Re: POC: Cleaning up orphaned files using undo logs

2019-08-09 Thread Robert Haas
On Wed, Aug 7, 2019 at 6:57 AM Heikki Linnakangas  wrote:
> Yeah, that's also a problem with complicated WAL record types. Hopefully
> the complex cases are an exception, not the norm. A complex case is
> unlikely to fit any pre-defined set of fields anyway. (We could look at
> how e.g. protobuf works, if this is really a big problem. I'm not
> suggesting that we add a dependency just for this, but there might be
> some patterns or interfaces that we could mimic.)
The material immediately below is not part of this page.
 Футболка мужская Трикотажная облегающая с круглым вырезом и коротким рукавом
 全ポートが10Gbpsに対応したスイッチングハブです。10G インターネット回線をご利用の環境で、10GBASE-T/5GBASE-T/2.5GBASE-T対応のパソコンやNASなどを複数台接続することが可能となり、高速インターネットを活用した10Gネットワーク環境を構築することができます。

I think what you're calling the complex cases are going to be pretty
normal cases, not something exotic, but I do agree with you that
making the infrastructure more generic is worth considering.  One idea
I had is to use the facilities from pqformat.h; have the generic code
read whatever the common fields are, and then pass the StringInfo to
the AM which can do whatever it wants with the rest of the record, but
probably these facilities would make it pretty easy to handle either a
series of fixed-length fields or alternatively variable-length data.
What do you think of that idea?

(That would not preclude doing compression on top, although I think
that feeding everything through pglz or even lz4/snappy may eat more
CPU cycles than we can really afford. The option is there, though.)
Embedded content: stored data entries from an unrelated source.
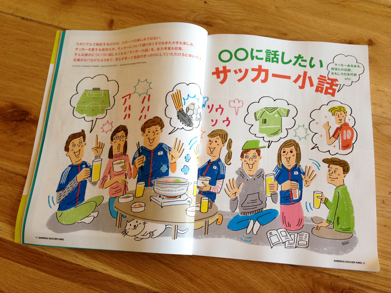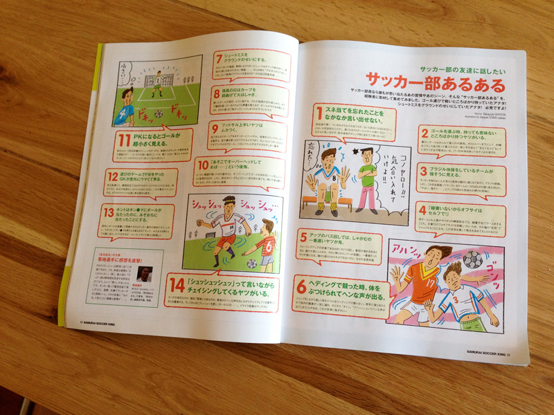 © 2012 teppei nakao. All rights reserved. SAMURAI SOCCERKING 2012年12月号 14 11月 ’12 描いてます。サッカー小話〜あるある的な?小中とサッカー少年でしたが、高校に入りサッカーしてる友達がチャラく感じ帰宅部になりました。そのままの偏見を持ったまま昨今まで至ってます。サッカーに罪は全くありません。チャラいイメージを植え付けた友人にも・・・ただ、何かまたやろうかなぁという気持ちになれないだけなんですねぇ〜中学のときのパイセンからのしごきがマジでムカついたからかなぁ・・・頑張れニッポン☆ SAMURAI SOCCERKING 2012年12月号
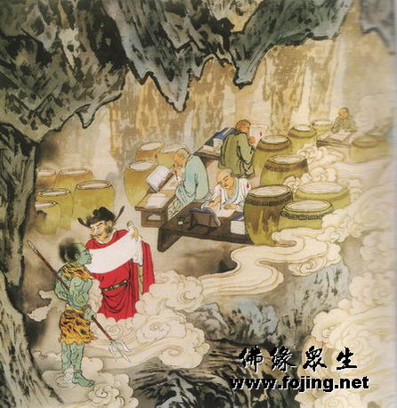 迷朦光中,幾個青面差使,押解一批罪犯,在寒鐵山洞穴中穿梭而過,這批罪犯,個個衣冠楚楚,看得出其生前之顯赫與榮耀,,從服飾穿著來看,有不同的階級與地位,有的應該是政客,有的應該是掌有權位的學者,在他們的神色之間,依然殘留幾分得意與跋扈,摻雜人群中也有宗教人士,神職道侶,盡享人間一切福報,辜負衆生之供養,此時個個神情凝重,似乎已嗅到“大事不妙的氣息。”
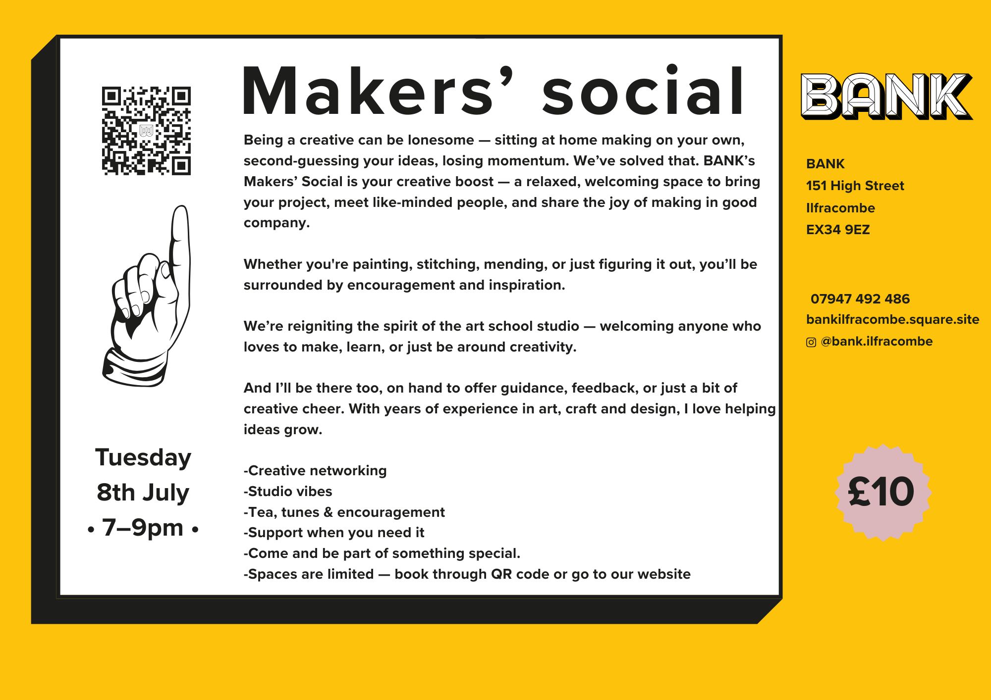 The Makers’ Social is your creative boost — a relaxed, welcoming space to bring your project, meet like-minded people, and share the joy of making in good company.

> If you remember, we did a big WAL format refactoring in 9.5, which moved
> some information from AM-specific structs to the common headers. Namely,
> the information on the relation blocks that the WAL record applies to.
> That was a very handy refactoring, and allowed tools like pg_waldump to
> print more detailed information about all WAL record types. For WAL
> records, moving the block information was natural, because there was
> special handling for full-page images anyway. However, I don't think we
> have enough experience with UNDO log yet, to know which fields would be
> best to include in the common undo header, and which to leave as
> AM-specific payload. I think we should keep the common header slim, and
> delegate to the AM routines.

Yeah, I remember. I'm not really sure I totally buy your argument that
we don't know what besides XID should go into an undo record: tuples
are a pretty important concept, and although there might be some
exceptions here and there, I have a hard time imagining that undo is
going to be primarily about anything other than identifying a tuple
and recording something you did to it.  On the other hand, you might
want to identify several tuples, or identify a tuple with a TID that's
not 6 bytes, so that's a good reason for allowing more flexibility.
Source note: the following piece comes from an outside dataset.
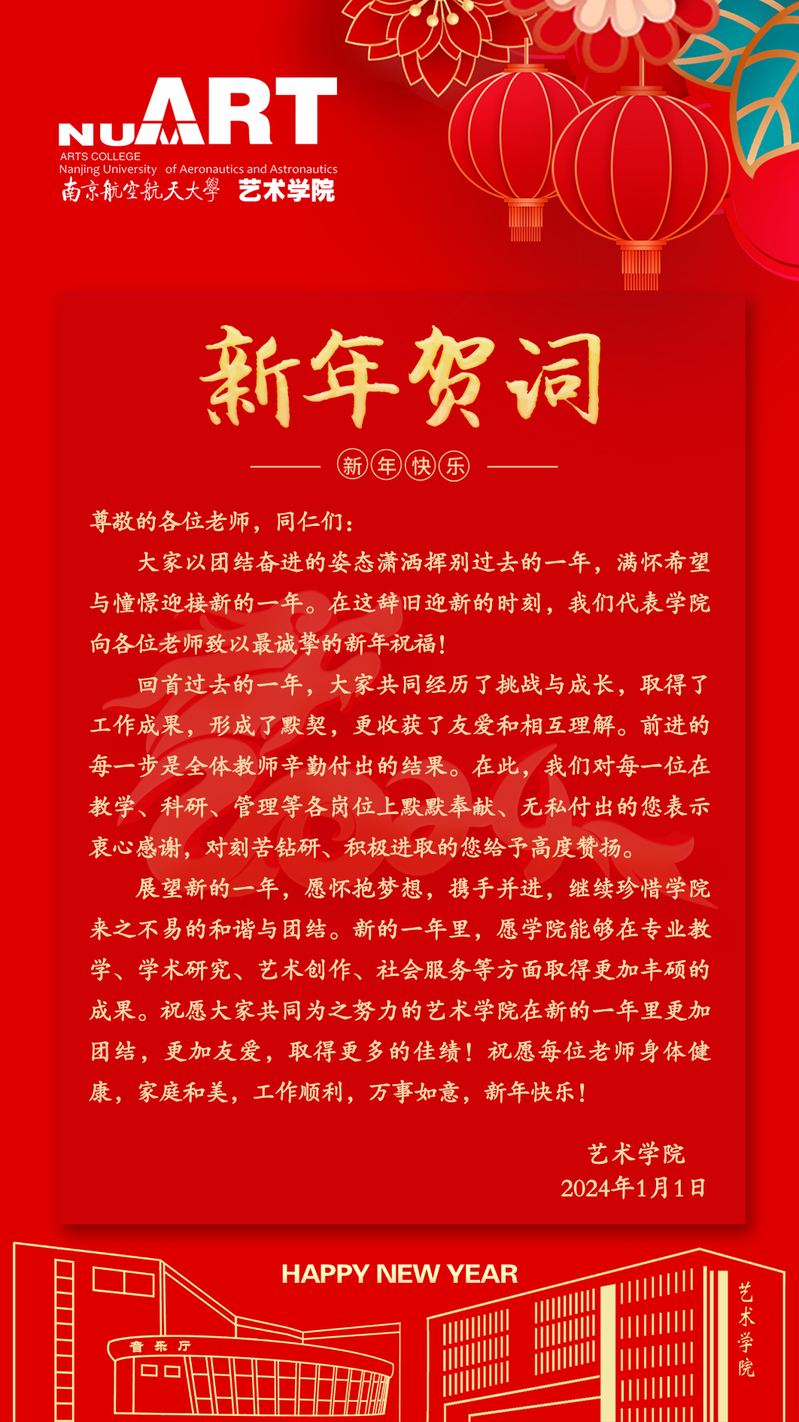 大家以团结奋进的姿态潇洒挥别过去的一年,满怀希望与憧憬迎接新的一年。在这辞旧迎新的时刻,我们代表学院向各位老师致以最诚挚的新年祝福!

Another point in being favor of being more flexible is that it's not
clear that there's any use case for third-party tools that work using
undo.  WAL drives replication and logical decoding and could be used
to drive incremental backup, but it's not really clear that similar
applications exist for undo.  If it's just private to the AM, the AM
might as well be responsible for it.  If that leads to code
duplication, we can create a library of common routines and AM users
can use them if they want.

> Hmm. If you're following an UNDO chain, from newest to oldest, I would
> assume that the newer record has enough information to decide whether
> you need to look at the previous record. If the previous record is no
> longer interesting, it might already be discarded away, after all.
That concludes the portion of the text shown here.